Axis 1 — Where Authority Lives (the structural cleave) #

lookup:  authority is a fact in a store, evaluated at decision time
         (RBAC bindings, IAM policies, Zanzibar tuples)
token:   authority is carried in the credential, verified locally
         (presigned URL, bearer token, macaroon, x.509 SAN)

This changes the interface shape, not just policy:

lookup -> decision needs the store: fresh, revocable, centrally auditable,
          but a runtime dependency on every request path
token  -> verification needs only a key: fast, partition-tolerant, offline,
          but revocation becomes the hard problem and audit moves to issuance

Delegation/attenuation is not a type — it is the signature operation on token-based authority (macaroons: add caveats, never remove; each hop can only shrink the grant).

Interrogation:

Is the decision a lookup or a verification?
What breaks when the authority store is unreachable?
Who was the PDP for a token? (answer: the issuer, at issuance time)
Can a holder attenuate before passing on, or only forward the full grant?
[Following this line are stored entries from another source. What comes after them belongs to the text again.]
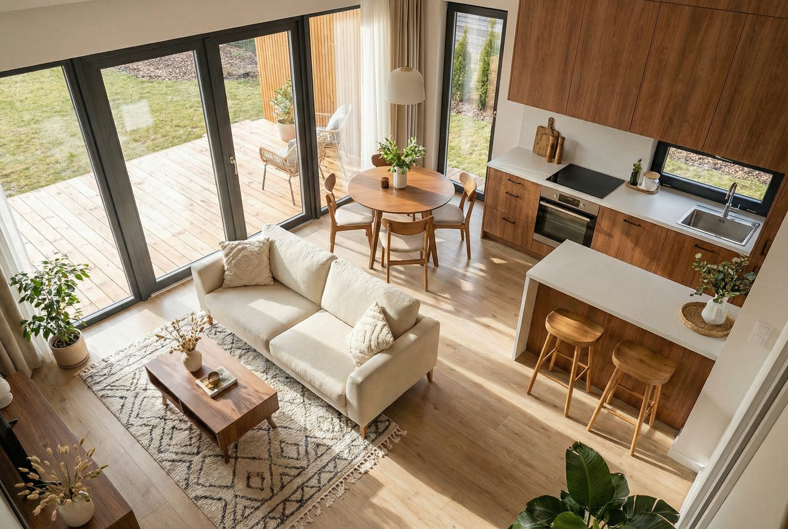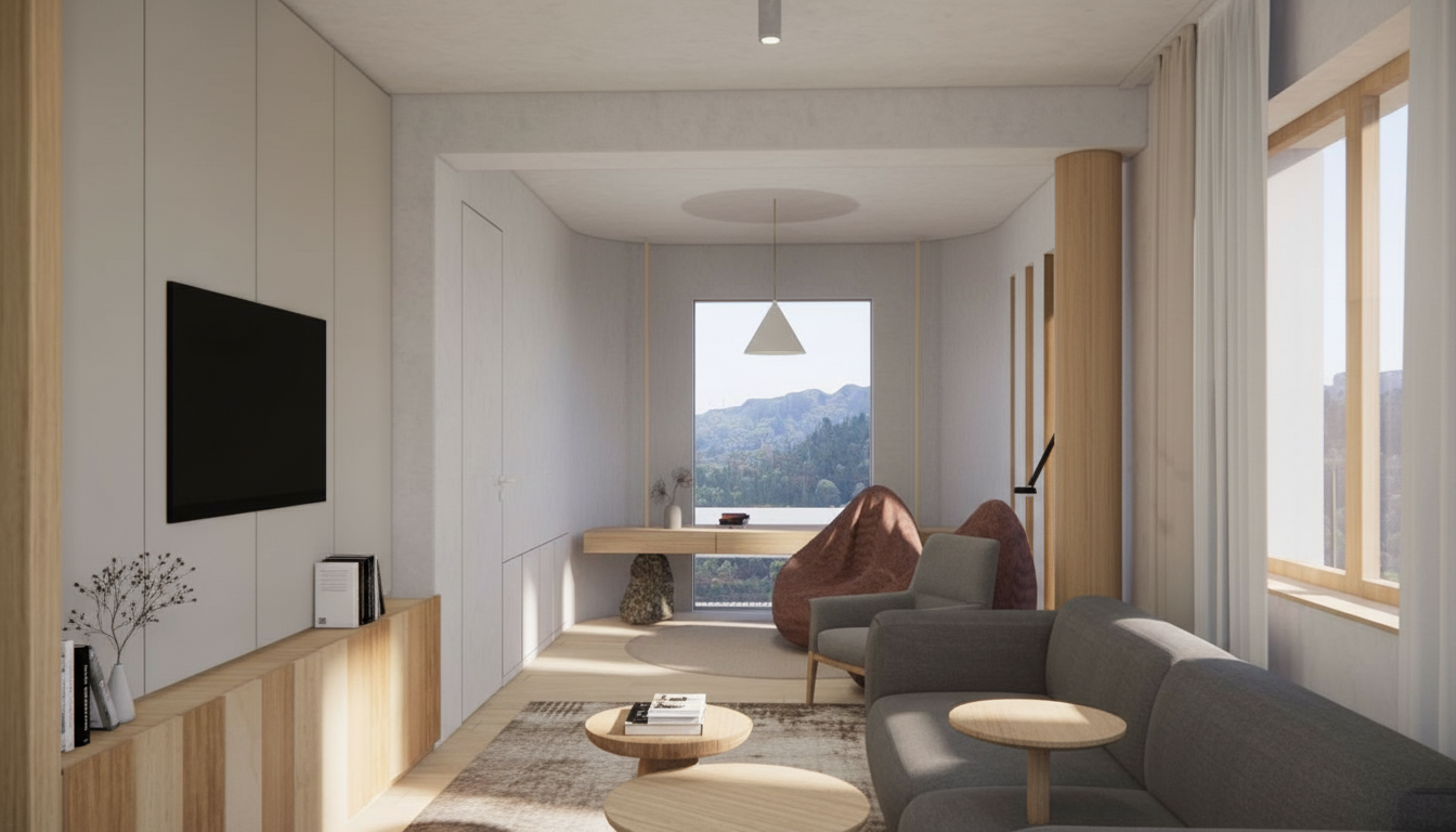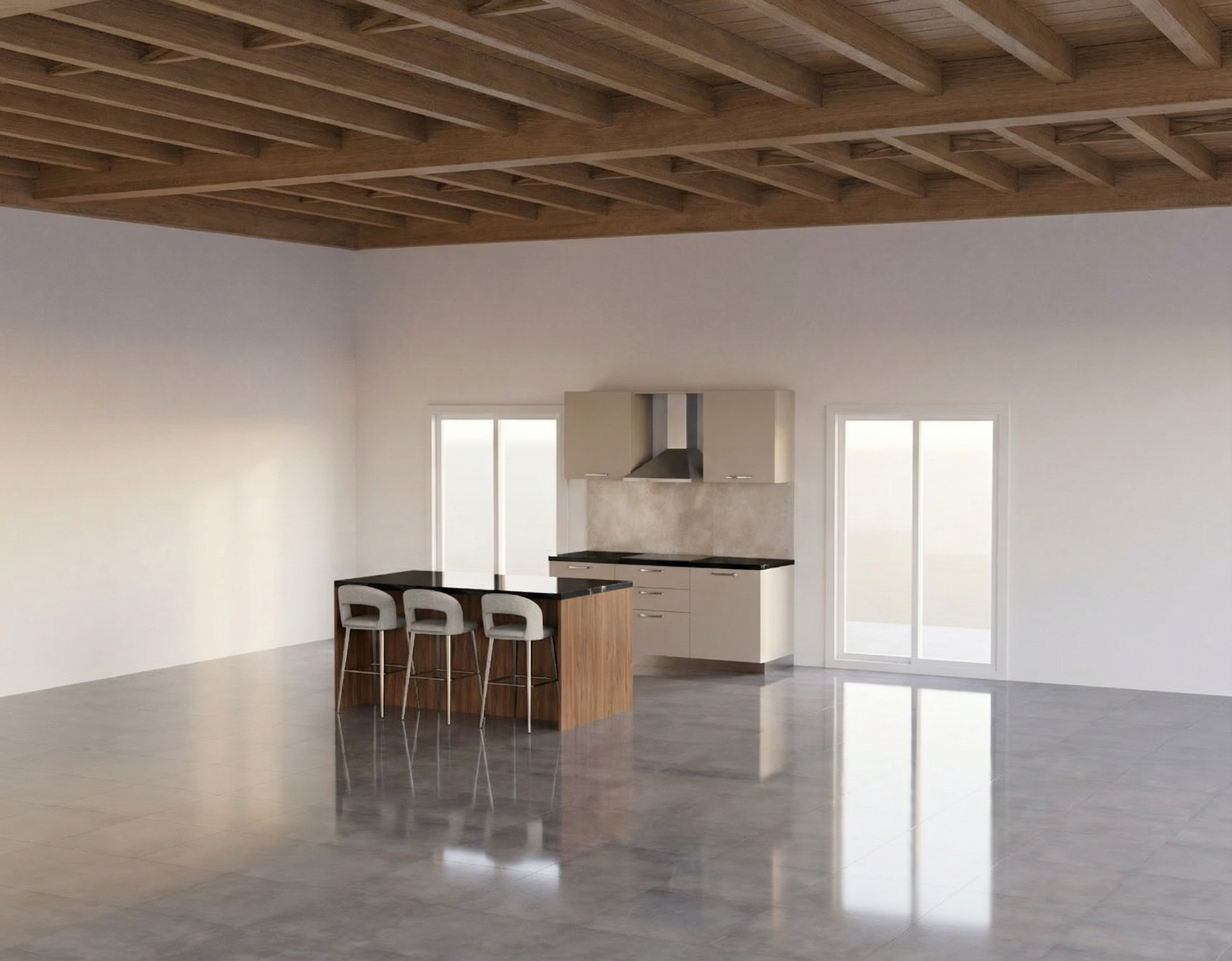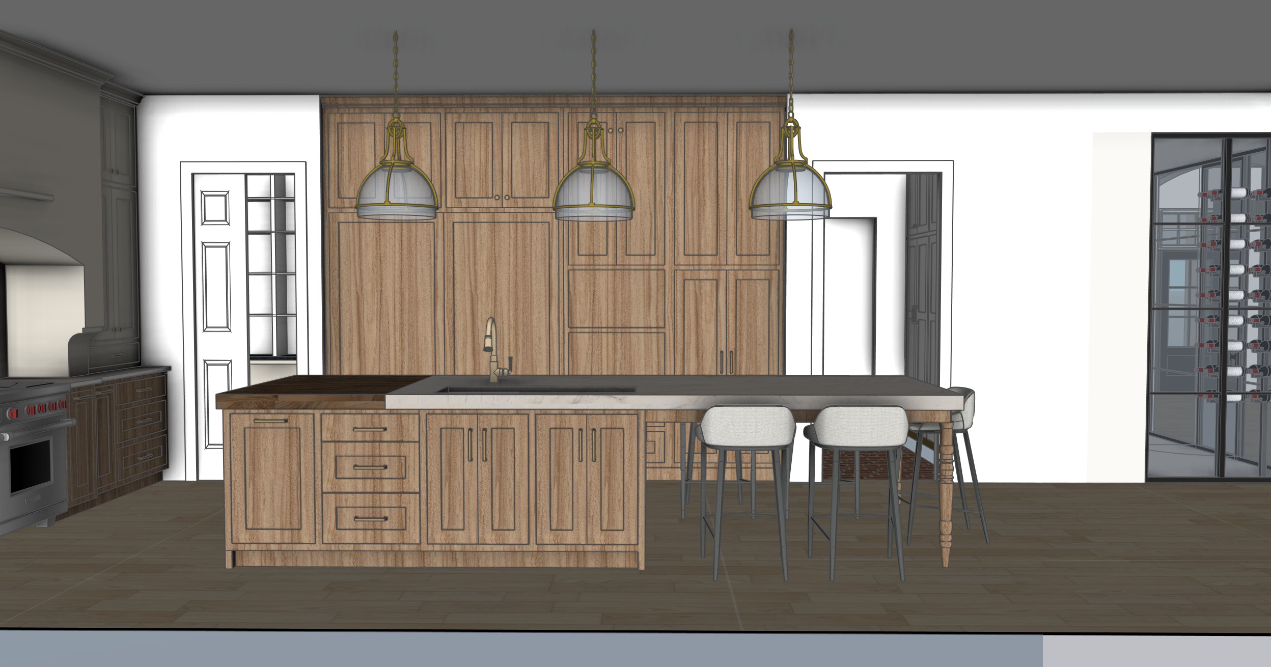 ultra realistic kitchen rendering based on a sketchup model realistic cabinetry materials sw shiitake painted range hood and hutches crystallo quartzite countertops with subtle veining accurate texture scale white oak floors with subtle wear and color variation matte painted walls with slight texture realistic fabric upholstery with visible weave physically accurate reflections and shadows soft indirect light global illumination professional interior photography crisp edges high detail clean modern aesthetic full frame camera 28mm lens
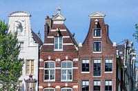 Drie verschillende stijlen gevels van Amsterdamse huizen. Deze foto is genomen op de hoek van de Keizersgracht in Amsterdam.
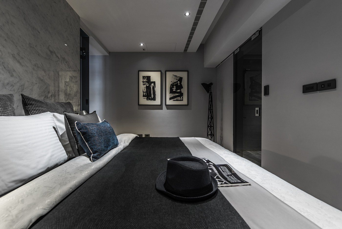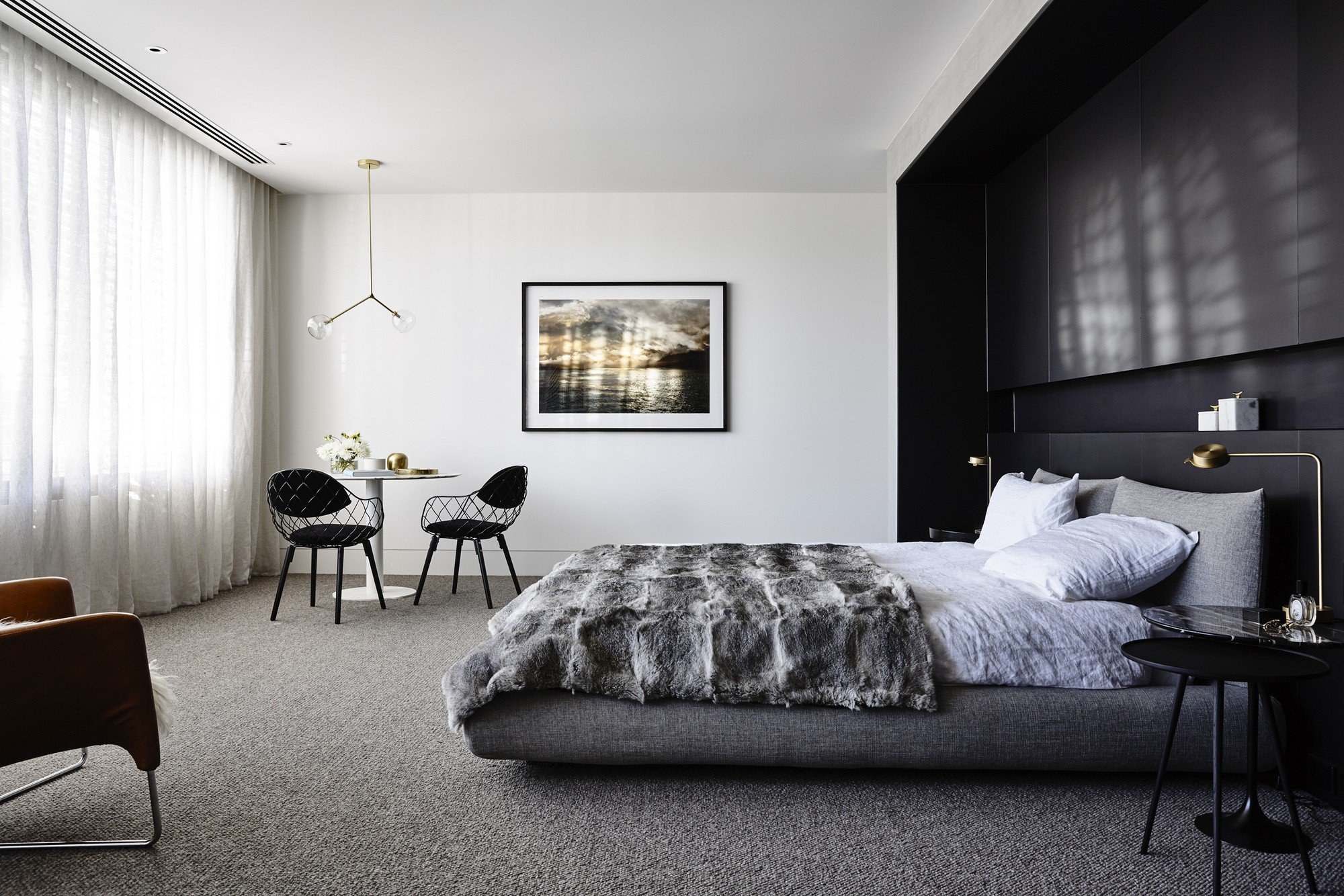 Черно белая спальня Минимализм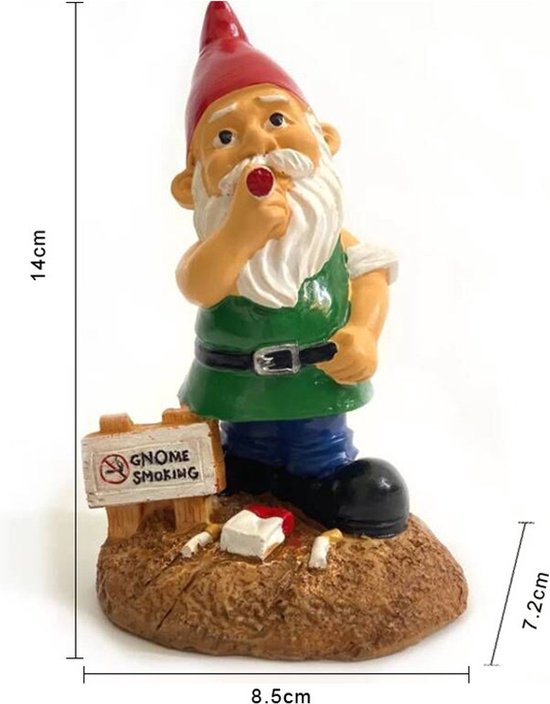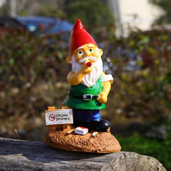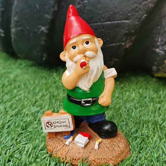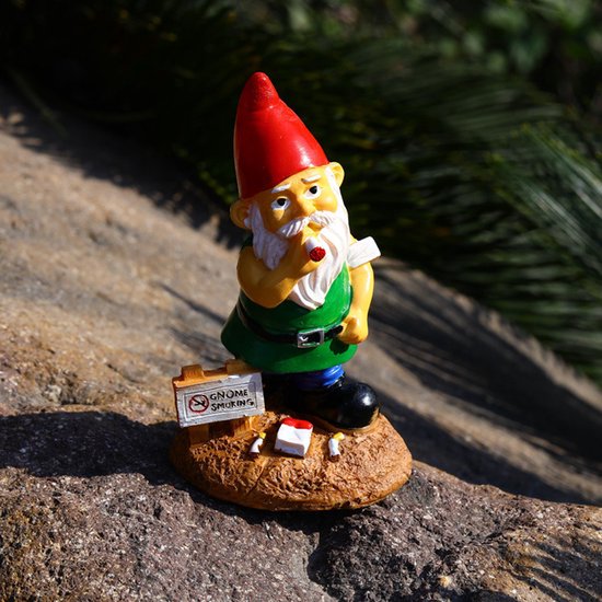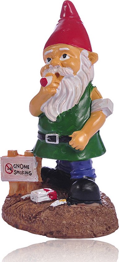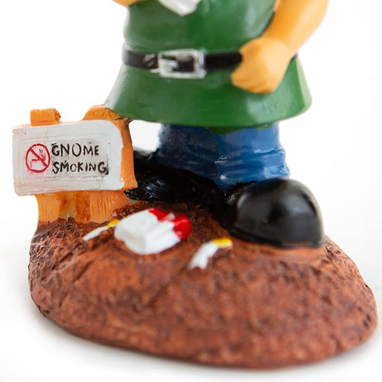 De tuinkabouter is afgebeeld met een verboden-rooksymbool, wat aangeeft dat hij een niet-roker is. Dit kan een leuke en humoristische manier zijn om een gezonde levensstijl te promoten of simpelweg een waarschuwing tegen roken in je tuin te tonen.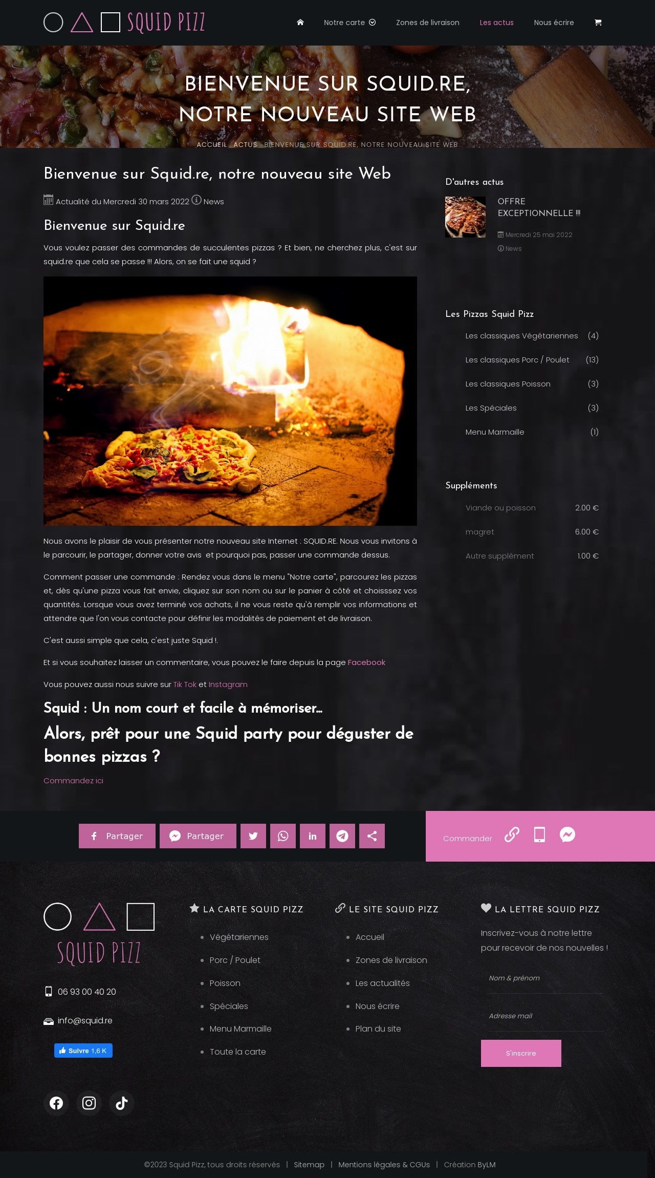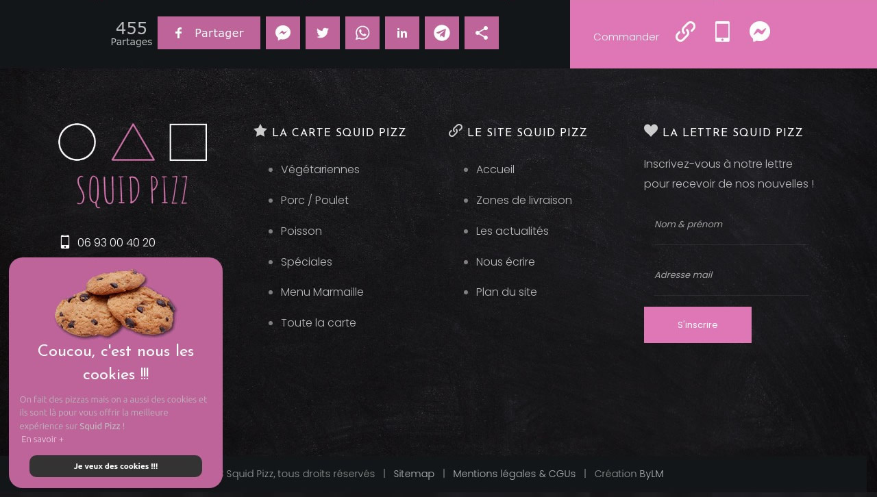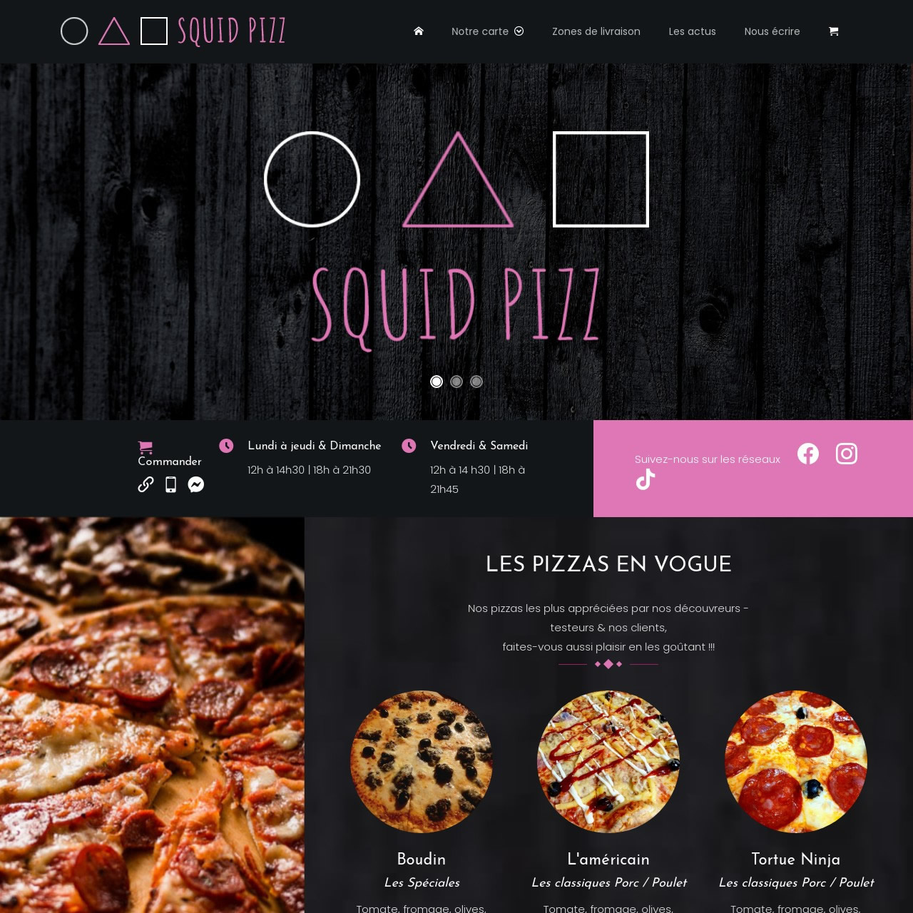 SquidPizz nous a confié la réalisation de son site Internet, sa boutique en ligne (intégralement écrite par nos soins) et son espace SAAS pour l'administration des ventes et du chiffre d'affaires Nous avons également accompagné Squid dans la réalisation de ses flyers pour la distribution locale

Axis 2 — Decision Model (how the decision is computed) #

Substitutable evaluation languages, freely composed in practice:

role lookup (RBAC):        principal -> role -> permitted actions
                           cheap, legible; pays: role explosion, scope reuse
attribute predicate (ABAC): f(principal attrs, resource attrs, action, context)
                           expressive; pays: missing/spoofed attributes,
                           rule-interaction opacity
graph reachability (ReBAC): does a path exist in the relationship graph?
                           natural for sharing/hierarchy; pays: traversal cost,
                           inherited access that no one can explain

Compositions are the norm: IAM = ABAC in role clothing; Zanzibar caveats = ABAC embedded in ReBAC.

Interrogation:

Can the decision be explained? (who granted this, via what path/rule?)
Who asserts each attribute, and can the requester influence it?
Is deny explicit or default? Do rules combine as first-deny-wins or any-allow?
For graphs: is depth bounded? Are cycles legal?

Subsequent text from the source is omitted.